» INFORMATION:
---
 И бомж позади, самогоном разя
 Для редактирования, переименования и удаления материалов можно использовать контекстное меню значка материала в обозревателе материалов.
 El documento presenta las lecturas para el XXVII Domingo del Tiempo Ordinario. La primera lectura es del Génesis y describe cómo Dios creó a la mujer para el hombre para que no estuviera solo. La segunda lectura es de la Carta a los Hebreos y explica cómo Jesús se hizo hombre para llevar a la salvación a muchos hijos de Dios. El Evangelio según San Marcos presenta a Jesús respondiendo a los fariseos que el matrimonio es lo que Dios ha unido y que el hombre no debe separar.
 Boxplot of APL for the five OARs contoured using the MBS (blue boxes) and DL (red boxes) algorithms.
---
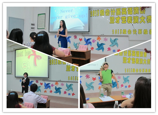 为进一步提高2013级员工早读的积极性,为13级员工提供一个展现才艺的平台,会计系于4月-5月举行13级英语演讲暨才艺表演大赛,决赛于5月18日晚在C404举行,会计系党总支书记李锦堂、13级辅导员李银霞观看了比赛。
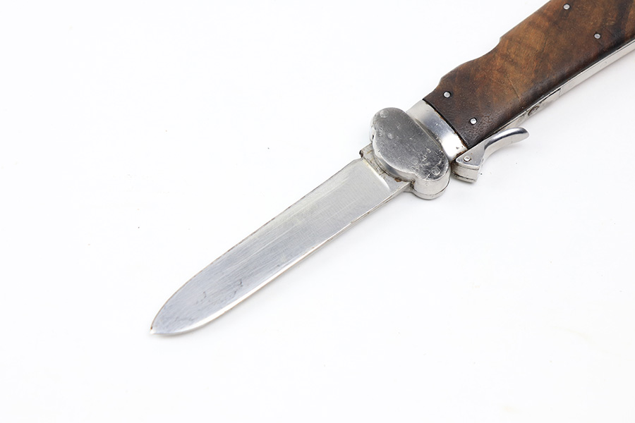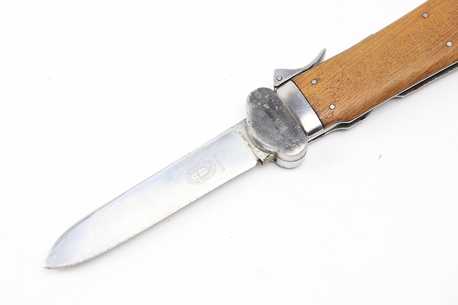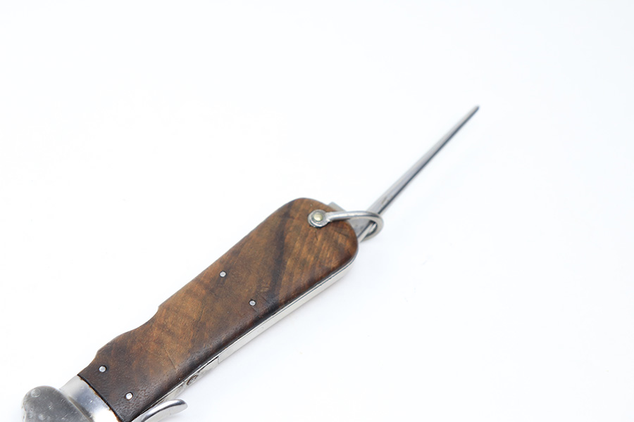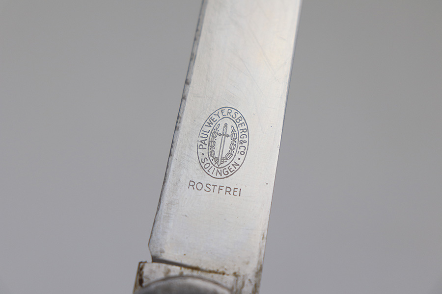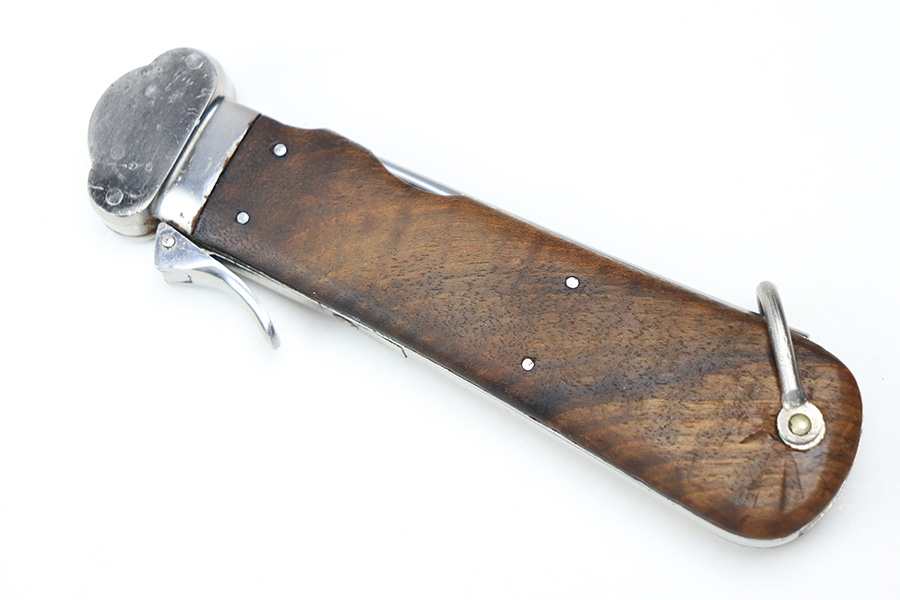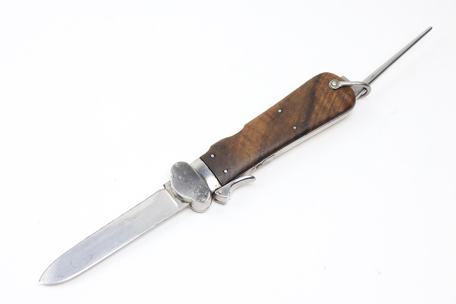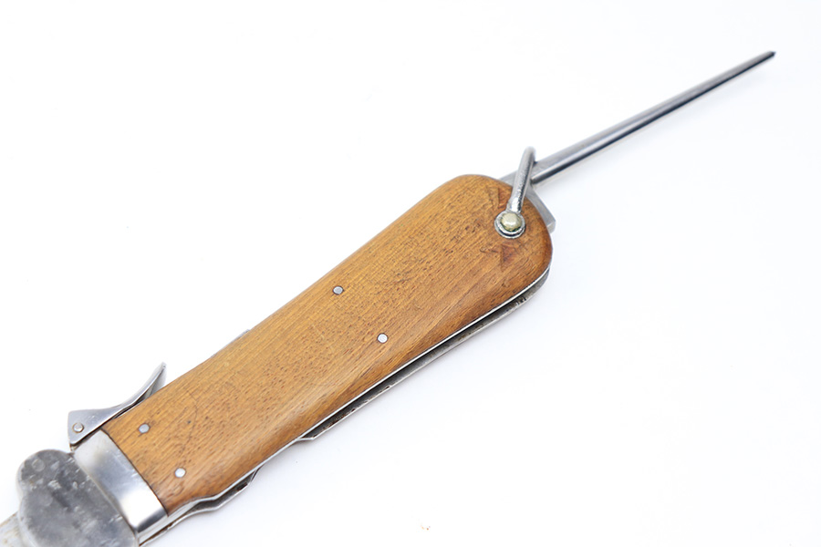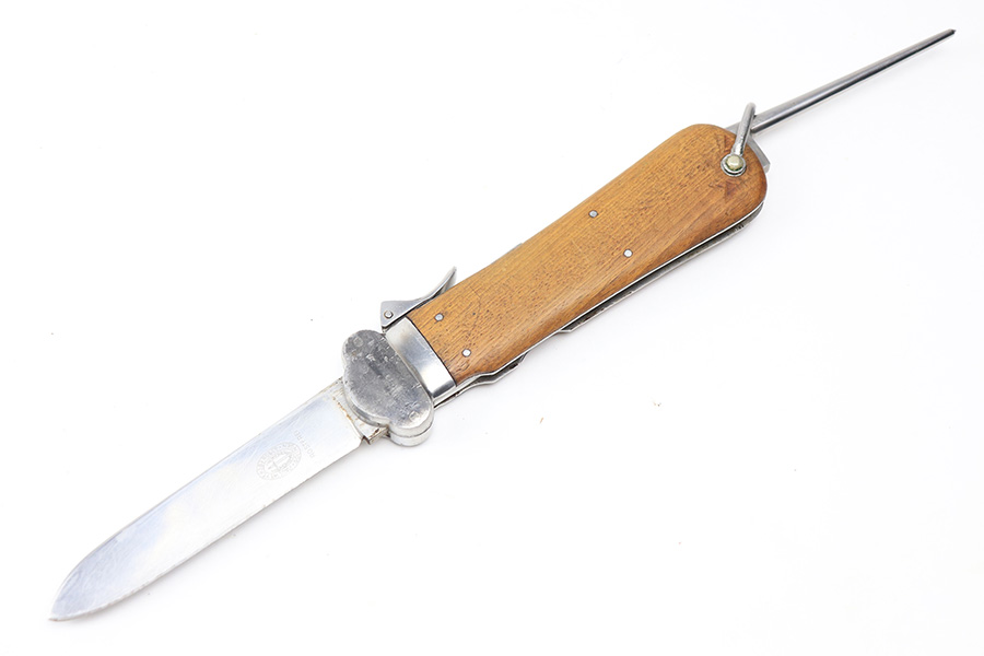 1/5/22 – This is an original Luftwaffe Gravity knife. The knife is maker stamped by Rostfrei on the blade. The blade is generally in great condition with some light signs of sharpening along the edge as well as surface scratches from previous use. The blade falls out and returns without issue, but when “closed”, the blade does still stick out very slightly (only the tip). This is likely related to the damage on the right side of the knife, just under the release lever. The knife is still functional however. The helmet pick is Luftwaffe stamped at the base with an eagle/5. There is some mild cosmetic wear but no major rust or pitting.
---
» TASK DESCRIPTION:
Print exactly the lines above from the one with "И бомж позади, самогоном разя" to the one with "Boxplot of APL", including both.

» OUTPUT OF THE TASK:
 И бомж позади, самогоном разя
 Для редактирования, переименования и удаления материалов можно использовать контекстное меню значка материала в обозревателе материалов.
 El documento presenta las lecturas para el XXVII Domingo del Tiempo Ordinario. La primera lectura es del Génesis y describe cómo Dios creó a la mujer para el hombre para que no estuviera solo. La segunda lectura es de la Carta a los Hebreos y explica cómo Jesús se hizo hombre para llevar a la salvación a muchos hijos de Dios. El Evangelio según San Marcos presenta a Jesús respondiendo a los fariseos que el matrimonio es lo que Dios ha unido y que el hombre no debe separar.
 Boxplot of APL for the five OARs contoured using the MBS (blue boxes) and DL (red boxes) algorithms.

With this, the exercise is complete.